» Supplied material:
■ ■ ■ ■

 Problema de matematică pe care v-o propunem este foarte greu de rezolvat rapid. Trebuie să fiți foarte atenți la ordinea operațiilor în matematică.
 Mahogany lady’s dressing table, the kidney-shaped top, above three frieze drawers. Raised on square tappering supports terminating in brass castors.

■ ■ ■ ■

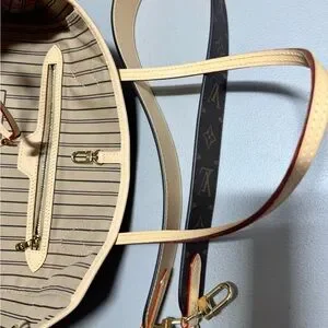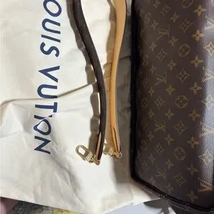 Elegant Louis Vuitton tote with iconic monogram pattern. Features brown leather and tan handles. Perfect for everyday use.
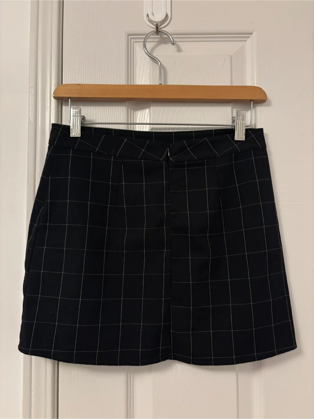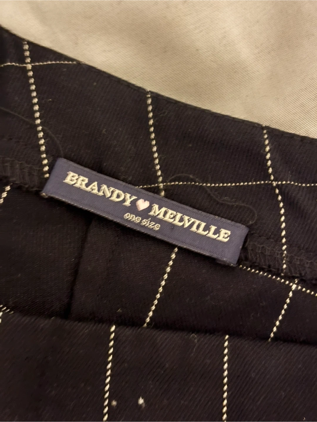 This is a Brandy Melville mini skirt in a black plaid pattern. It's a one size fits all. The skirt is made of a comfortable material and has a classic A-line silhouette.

■ ■ ■ ■

» The task: Reproduce exactly, and with no other material, the lines between those holding "Problema de matematică" and "Mahogany lady’s dressing", inclusive.

» Solution for this problem:
 Problema de matematică pe care v-o propunem este foarte greu de rezolvat rapid. Trebuie să fiți foarte atenți la ordinea operațiilor în matematică.
 Mahogany lady’s dressing table, the kidney-shaped top, above three frieze drawers. Raised on square tappering supports terminating in brass castors.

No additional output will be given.